### Work request:
Select and reproduce each line of the listing below that bears the string "with".

### Supplied material:
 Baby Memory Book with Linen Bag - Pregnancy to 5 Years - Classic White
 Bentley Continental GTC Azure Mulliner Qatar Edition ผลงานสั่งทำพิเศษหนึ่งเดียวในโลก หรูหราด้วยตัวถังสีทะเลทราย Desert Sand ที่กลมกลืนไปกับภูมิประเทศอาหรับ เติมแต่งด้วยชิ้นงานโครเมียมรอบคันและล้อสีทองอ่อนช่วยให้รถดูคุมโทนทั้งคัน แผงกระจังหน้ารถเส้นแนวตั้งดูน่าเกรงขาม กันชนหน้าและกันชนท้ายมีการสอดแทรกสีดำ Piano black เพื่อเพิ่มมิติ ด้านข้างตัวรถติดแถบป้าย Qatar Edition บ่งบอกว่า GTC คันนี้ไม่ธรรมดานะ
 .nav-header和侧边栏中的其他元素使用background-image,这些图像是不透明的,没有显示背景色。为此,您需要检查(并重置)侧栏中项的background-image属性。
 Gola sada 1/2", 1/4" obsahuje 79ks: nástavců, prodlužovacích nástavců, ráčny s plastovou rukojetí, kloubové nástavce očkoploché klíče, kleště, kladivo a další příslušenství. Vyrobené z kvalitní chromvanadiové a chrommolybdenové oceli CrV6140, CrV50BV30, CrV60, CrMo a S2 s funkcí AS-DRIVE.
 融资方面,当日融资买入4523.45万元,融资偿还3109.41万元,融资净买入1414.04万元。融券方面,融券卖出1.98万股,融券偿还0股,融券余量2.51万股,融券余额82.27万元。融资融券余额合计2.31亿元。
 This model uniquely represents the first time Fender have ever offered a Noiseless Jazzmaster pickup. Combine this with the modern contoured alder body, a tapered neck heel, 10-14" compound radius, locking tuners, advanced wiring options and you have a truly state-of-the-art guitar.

...

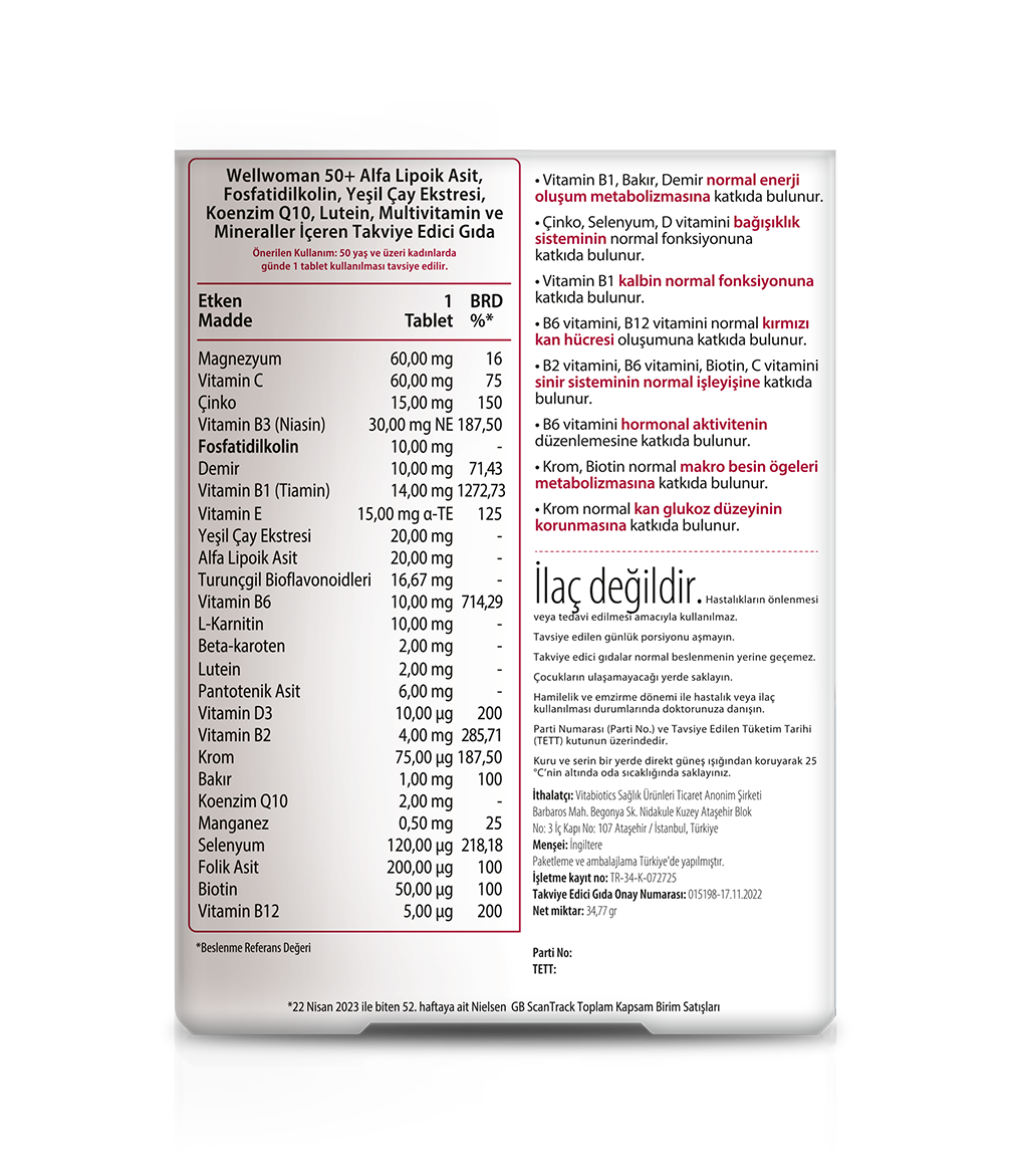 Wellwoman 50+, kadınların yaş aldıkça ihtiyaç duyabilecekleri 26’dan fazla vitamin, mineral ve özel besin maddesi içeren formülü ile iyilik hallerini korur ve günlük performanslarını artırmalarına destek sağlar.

### Your response:
 Baby Memory Book with Linen Bag - Pregnancy to 5 Years - Classic White
 This model uniquely represents the first time Fender have ever offered a Noiseless Jazzmaster pickup. Combine this with the modern contoured alder body, a tapered neck heel, 10-14" compound radius, locking tuners, advanced wiring options and you have a truly state-of-the-art guitar.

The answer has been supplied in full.